3. Conclusions
In this study, a novel
automated
robot-driven
PEC biosensing platform, integrating a CRISPR/Cas12a system and PEC
analysis, facilitated rapid, ultrasensitive, highly specific detection
of biological loads in sewage. By harnessing the remarkable conductivity
and extensive specific surface area offered by vertical graphene, the
excellent photoelectric characteristics of CdTe/ZnS QDs, and the high
specificity and efficient trans-cleavage activity of the Cas12a–Cas
system, the developed PEC biosensor exhibited
outstanding analytical
capabilities. The biosensor demonstrated an extensive linear range
spanning from 1.0 aM to 1.0 nM, a remarkable lower detection limit of
2.93×102 zM, and exceptional selectivity at the level
of single-base mutation recognition.

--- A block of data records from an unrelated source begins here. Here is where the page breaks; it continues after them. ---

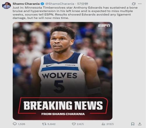 北京時(shí)間4月27日凌晨,據(jù)NBA名記Shams報(bào)道,愛德華茲確診左膝骨挫傷和過度伸展,將缺席數(shù)周!森林狼和掘金的系列賽最晚5月3日結(jié)束(G7),也就是一周之后,華子肯定趕不上了。另一個森林狼球員迪溫琴佐,因跟腱撕裂賽季報(bào)銷。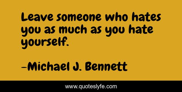 This page presents the quote "Leave someone who hates you as much as you hate yourself.". Author of this quote is Michael J. Bennett. This quote is about relationship, self-esteem,.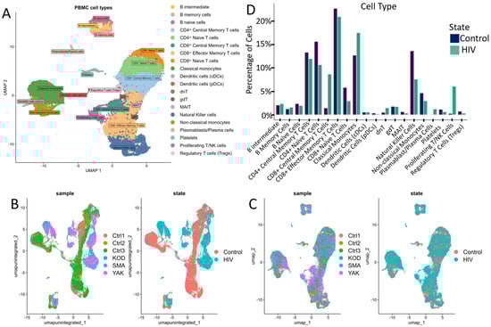 Cell cluster analysis: (A) UMAP graph of all cells after integration with a unique color designation for each annotated cluster. (B) UMAP visualization of cells before integration with a unique color for each patient. (C) UMAP visualization of cells after integration with separate colors for HIV status (graph on the right). (D) Proportion of cells in individual PBMCs populations from the total number of analyzed PBMCs for HIV-positive and HIV-negative people. When comparing the proportions, no statistically significant differences were found after the Bonferroni correction.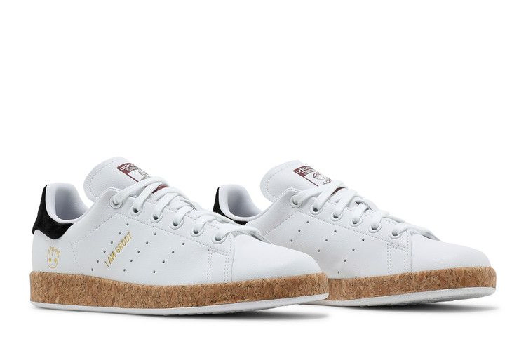 Женские Stan Smith "I Am Groot" от Marvel x adidas отличаются экологичным дизайном, который отдает дань уважения дендроиду из "Стражей Галактики". Верх из белой искусственной кожи, частично изготовленный из переработанного сырья, украшен изображением малыша Грута на боковой пятке и надписью "I Am Groot" на заднике. На черном замшевом язычке пятки слева и справа вышита надпись "It's Not Easy Being Green". Подошва кроссовок состоит из пробковой межподошвы и белой резиновой подошвы.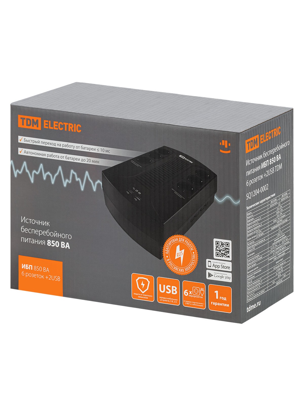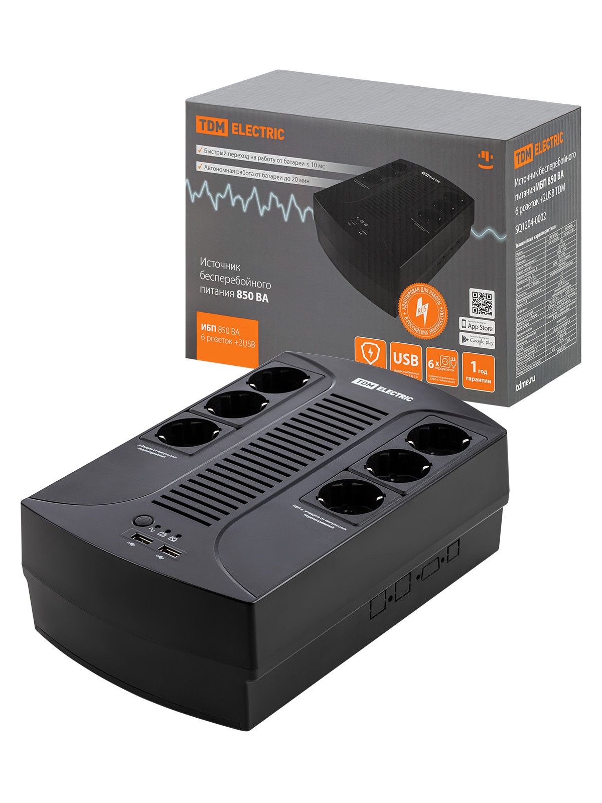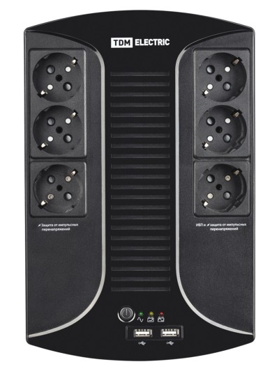 Источник бесперебойного питания ИБП 850 ВА 6 розеток +2USB TDM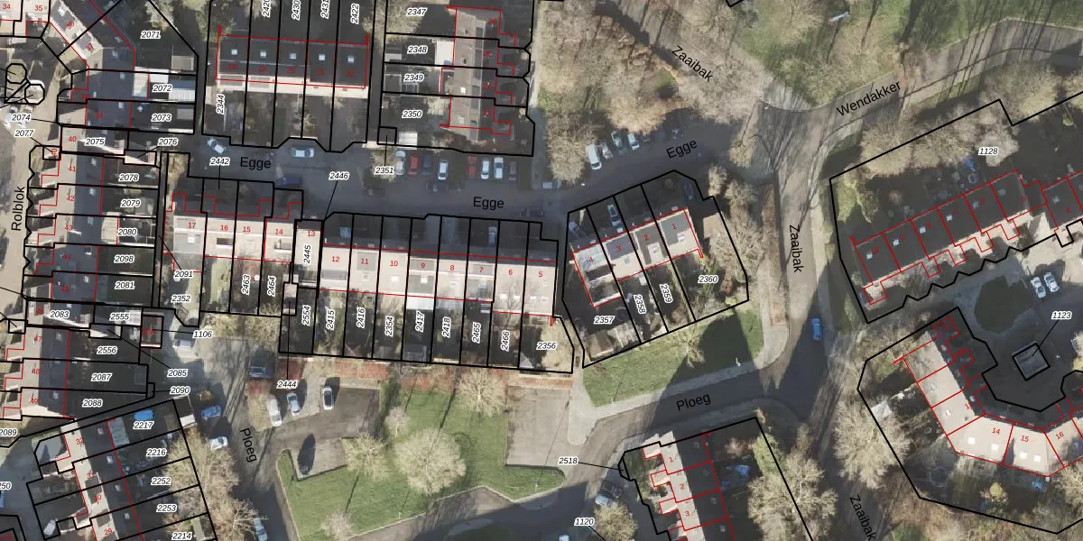 Gebruik de zoekbalk of klik op een perceel voor informatie over de adressen binnen dit perceel.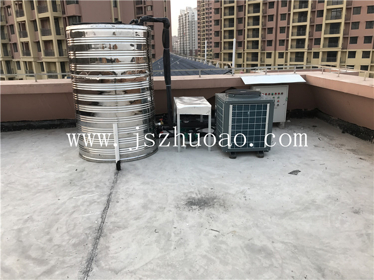 工程介紹:一臺(tái)3匹商用空氣能主機(jī),一臺(tái)1噸保溫水箱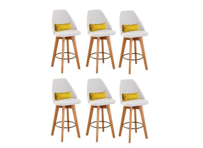 Kit 06 Banquetas Com Encosto Bege Claro E Almofada Amarelo

Furthermore,
the
Shennong-1 robot was employed to
automate sewage sampling, enrichment, concentration, nucleic acid
extraction, and reverse transcription,
expediting the analysis of
Omicron BA.5 in sewage.
This innovative
robot- driven photoelectrochemical
biosensing platform promises swift, ultrasensitive, and highly precise
detection of Omicron BA.5, making it an excellent candidate for future
applications of sewage monitoring for biological loads.